CHP eski yöneticilerinden ve milletvekillerinden Mehmet Sevigen, partisinin içine düştüğü çıkmazı görmezden gelmedi. Sevigen'in sözleri, sadece bir serzeniş değil; aynı zamanda bir çığlıktı. Uzun yıllardır siyaseti hoşgörüsü, uzlaşmacı kimliği ve demokratik tavrıyla sürdüren Sevigen, CHP'nin bugün geldiği noktada yaşanan tabloya isyan etti.
"Parti Dallasa dönmüş, at izi it izine karışmış" ifadesi, aslında yaşananları tek başına özetliyor. CHP, bir yanda siyaseti halk için yapması gerekenlerin unutulduğu, diğer yanda kişisel hesapların öne çıktığı bir arena haline geldi. Siyaset, Sevigen'in de altını çizdiği gibi, zenginleşme yeri değildir. Ne yazık ki CHP içindeki bazı isimler, partiyi kendi şahsi ikballeri için kullanıyor.
Ben yıllardır gazeteciyim.
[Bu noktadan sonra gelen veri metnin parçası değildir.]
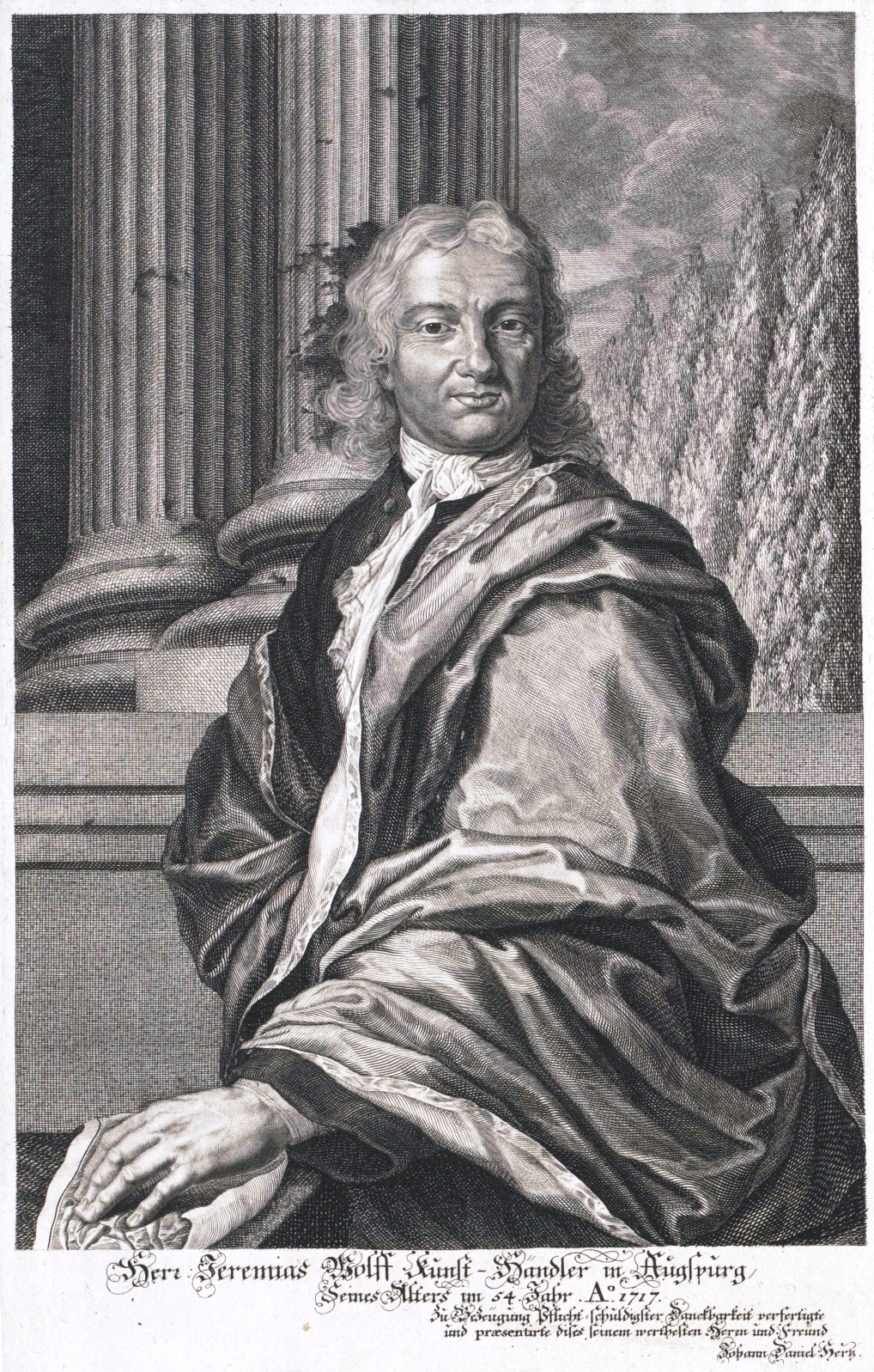 Jeremias Wolff (1663–1724)

Sayın Sevigen'in partideki etkin dönemlerini de, bakanlık yaptığı yılları da hatırlıyorum. O dönemlerde CHP'nin yöneticileri ve siyasetçileri, tıpkı Genel Başkan Özgür Özel gibi, Grup Başkanvekili Ali Mahir Başarır gibi isimler, asla ağızlarını bozmaz, hakaretvari bir dil kullanmazlardı. Eleştirileri sert ama yapıcı olurdu. Üslupları seviyeliydi, dertleri ise kişisel çıkar değil, yalnızca Türkiye idi.
Bugün geldiğimiz noktada ise tablo tam tersine dönmüş durumda. Mevcut CHP yöneticilerinin birçoğu, Türkiye'yi dert edinmeyi bırakmış; koltuk, makam, rant ve kişisel menfaatler peşine düşmüşler. Bu, sıradan bir gözlem değil; halkın gözünün önünde yaşanan, net bir şekilde görülen bir gerçekliktir. Parti içindeki hesaplaşmalar, çıkar kavgaları ve klikleşmeler, CHP'yi "halkın partisi" olmaktan uzaklaştırıyor.
CHP'nin söylemleri de artık samimiyetini kaybetmiş durumda. Bir gün sert muhalefet yapan yöneticiler, ertesi gün iktidarın gündemine eklemlenen açıklamalar yapıyor. Bir gün demokrasi ve özgürlük vurgusu yapanlar, ertesi gün parti içindeki farklı sesleri bastırmaya çalışıyor. Bu tutarsızlık, halkın gözünde güven kaybına yol açıyor.
Mehmet Sevigen ise bu eleştirileri yaparken asla şahsi bir menfaat gütmüyor. Tam aksine, CHP'nin kurumsal yapısını korumak için bu sözleri dile getirdiğini özellikle vurguluyor. Hatta bugün soyadı "Sevigen" olan tek bir kişinin bile belediyelerde görev almadığını hatırlatıyor. Sevigen'in bu sözleri, CHP içinde "akrabacılık" ve "yakınını kayırma" eleştirilerinin boşuna olmadığını gösteriyor.
Örneğin, Sevigen özellikle CHP'li Bülent Tezcan'ın oğlu, kızı, gelini ve akrabalarının Kuşadası Belediyesi başta olmak üzere pek çok yerde görev almasını sert bir dille eleştiriyor ve "Bunu Bülent Tezcan'a yakıştıramadım" diyor. Bu tür yaklaşımların, partinin hem kurumsal kimliğine hem de halktaki güvenilirliğine zarar verdiğini açıkça dile getiriyor.
Sevigen'in çıkışı, aslında buzdağının görünen kısmıdır. CHP'nin tabanında büyük bir rahatsızlık, büyük bir kırılma vardır. Çünkü halk, menfaat ilişkilerini, nepotizmi, kayırmacılığı görüyor ve tepkisini sandıkta göstermek üzere sabrediyor.
CHP'nin önünde tarihi bir yol ayrımı vardır:
Ya yeniden halkın partisi olacak, dürüstlük ve şeffaflığı esas alacak…
Ya da kişisel çıkarların ve akraba düzeninin kurbanı olup tarihe yenik düşecek.
Mehmet Sevigen'in söylediği gibi, bugün de yarın da CHP'nin kurumsal yapısını korumak adına eleştirilerini sürdürecektir. Çünkü CHP, bu ülkenin geleceği için çok değerlidir; ama değerini yitirmesi, yanlış kişilerin elinde ziyan olması işten bile değildir.
Ve son söz: CHP, eğer bu uyarılara kulak vermezse, gerçekten de "Parti Dallasa dönmüş, at izi it izine karışmış" bir kaosun içinde kaybolup gidecektir.